%%

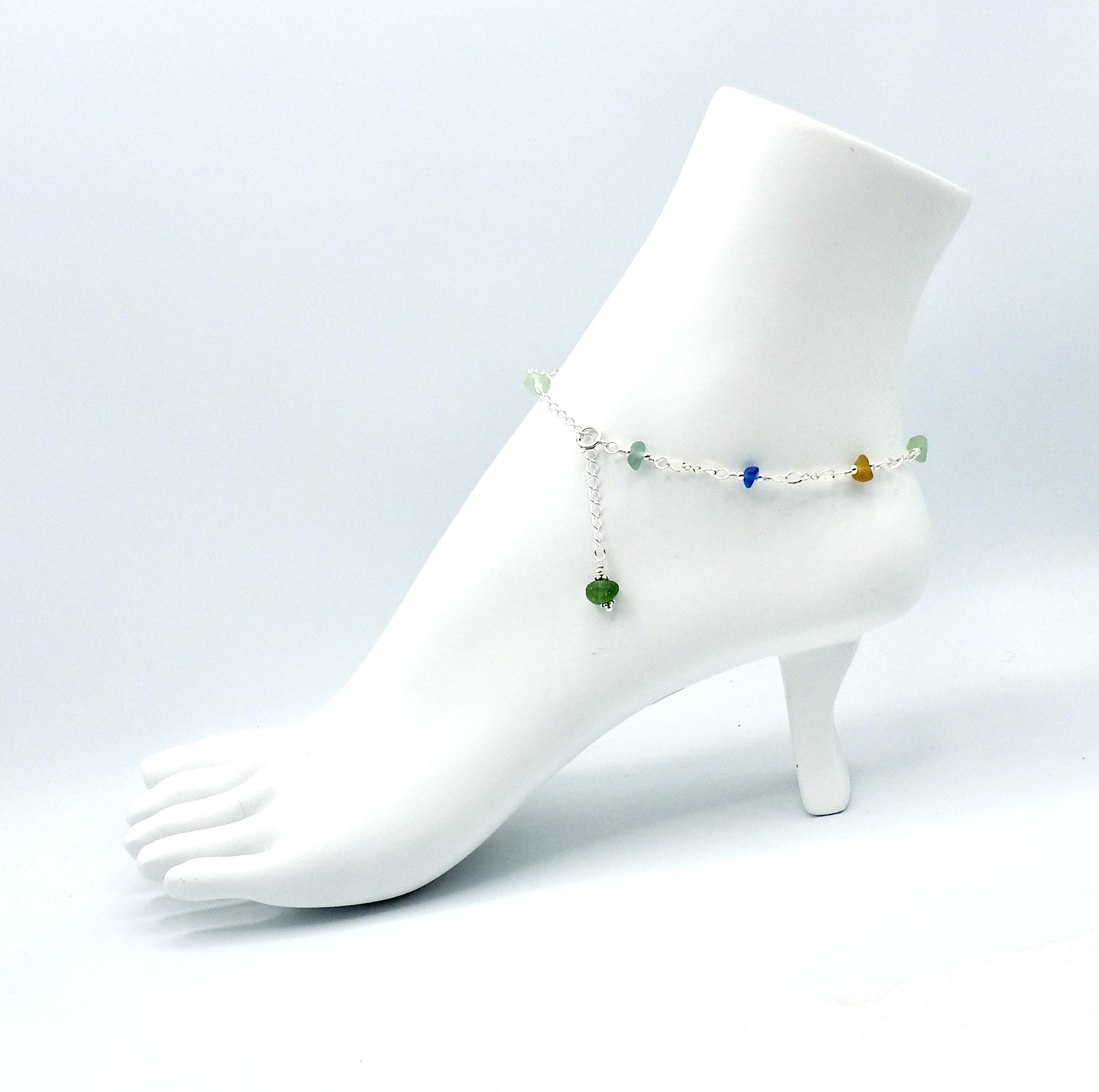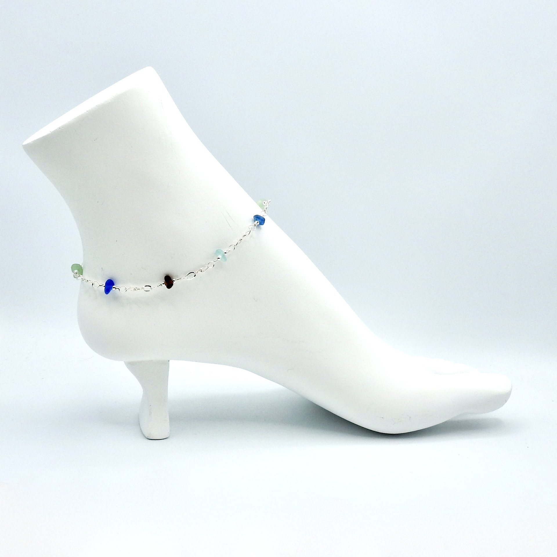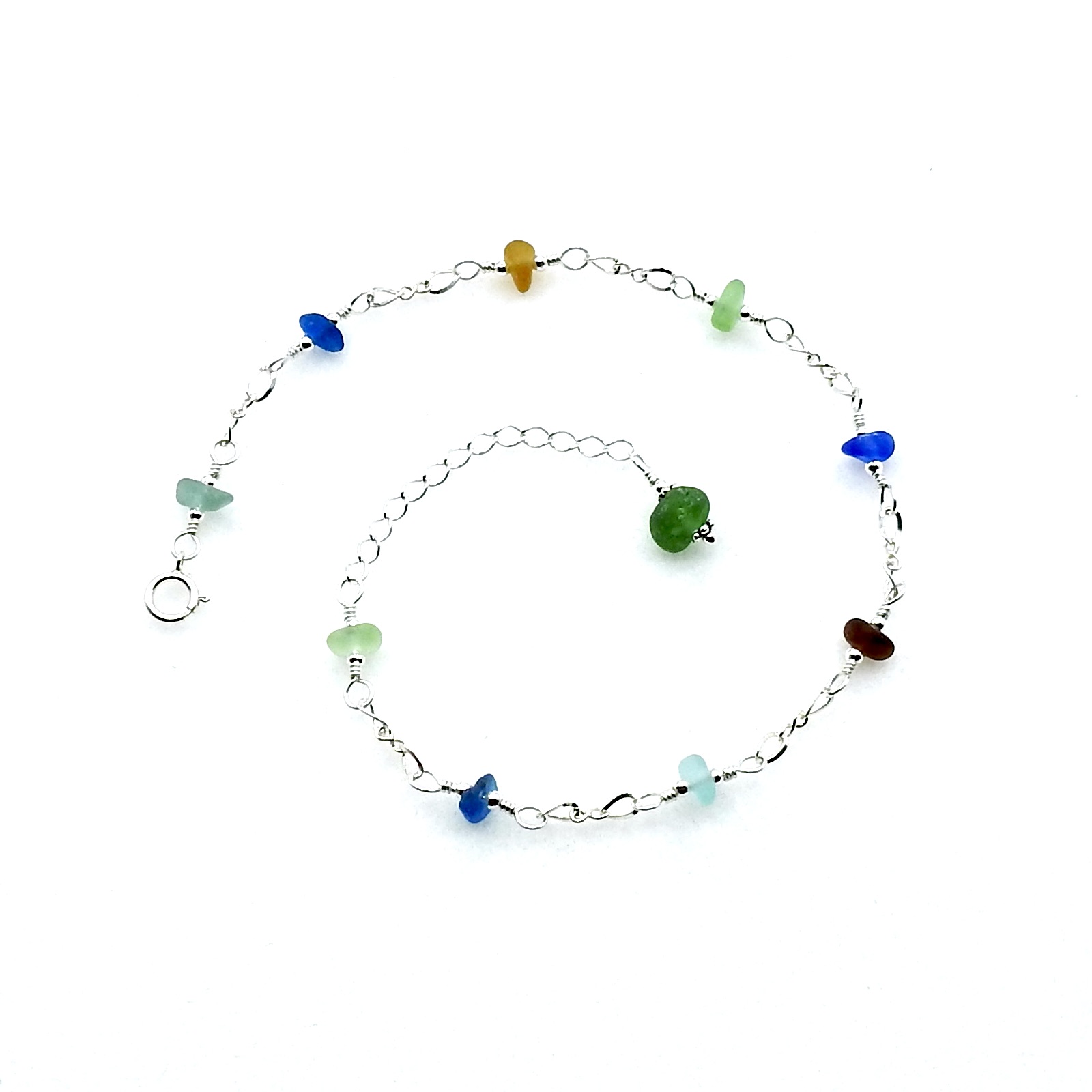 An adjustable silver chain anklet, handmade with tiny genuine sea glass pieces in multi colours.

%%
%%

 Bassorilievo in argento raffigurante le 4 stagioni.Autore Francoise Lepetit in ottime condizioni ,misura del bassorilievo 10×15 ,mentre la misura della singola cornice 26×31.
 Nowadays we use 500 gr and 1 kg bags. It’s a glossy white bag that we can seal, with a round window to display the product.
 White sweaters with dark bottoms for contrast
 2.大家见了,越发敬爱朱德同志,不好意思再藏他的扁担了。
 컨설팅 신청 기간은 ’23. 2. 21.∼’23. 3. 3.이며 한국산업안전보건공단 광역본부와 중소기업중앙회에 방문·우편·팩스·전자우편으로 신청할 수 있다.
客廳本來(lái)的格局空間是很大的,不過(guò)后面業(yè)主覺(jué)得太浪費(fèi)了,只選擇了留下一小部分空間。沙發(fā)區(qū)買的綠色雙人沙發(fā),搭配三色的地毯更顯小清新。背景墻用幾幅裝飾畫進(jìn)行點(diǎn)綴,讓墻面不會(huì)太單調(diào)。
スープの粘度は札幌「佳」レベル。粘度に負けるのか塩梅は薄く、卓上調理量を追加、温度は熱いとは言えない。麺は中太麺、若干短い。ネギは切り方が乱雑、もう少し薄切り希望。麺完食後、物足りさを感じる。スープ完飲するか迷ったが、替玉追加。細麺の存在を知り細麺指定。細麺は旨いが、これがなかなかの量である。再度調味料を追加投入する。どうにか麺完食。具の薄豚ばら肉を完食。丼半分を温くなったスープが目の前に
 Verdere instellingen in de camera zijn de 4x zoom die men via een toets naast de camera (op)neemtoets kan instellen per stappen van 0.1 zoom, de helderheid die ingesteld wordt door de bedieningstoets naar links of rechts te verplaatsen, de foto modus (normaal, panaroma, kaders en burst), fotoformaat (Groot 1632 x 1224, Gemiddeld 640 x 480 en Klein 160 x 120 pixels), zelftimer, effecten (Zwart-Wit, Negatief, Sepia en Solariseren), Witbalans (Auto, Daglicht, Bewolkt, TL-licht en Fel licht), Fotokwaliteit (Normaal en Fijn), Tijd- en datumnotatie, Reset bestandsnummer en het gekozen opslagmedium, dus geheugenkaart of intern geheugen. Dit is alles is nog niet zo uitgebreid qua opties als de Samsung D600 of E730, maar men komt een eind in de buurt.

%%

▶ Assignment: The reply should hold only the lines of the listing above starting at the line containing "Bassorilievo in argento" and ending at the line containing "컨설팅 신청 기간은 ’23.", exactly as written.

▶ Answer box:
 Bassorilievo in argento raffigurante le 4 stagioni.Autore Francoise Lepetit in ottime condizioni ,misura del bassorilievo 10×15 ,mentre la misura della singola cornice 26×31.
 Nowadays we use 500 gr and 1 kg bags. It’s a glossy white bag that we can seal, with a round window to display the product.
 White sweaters with dark bottoms for contrast
 2.大家见了,越发敬爱朱德同志,不好意思再藏他的扁担了。
 컨설팅 신청 기간은 ’23. 2. 21.∼’23. 3. 3.이며 한국산업안전보건공단 광역본부와 중소기업중앙회에 방문·우편·팩스·전자우편으로 신청할 수 있다.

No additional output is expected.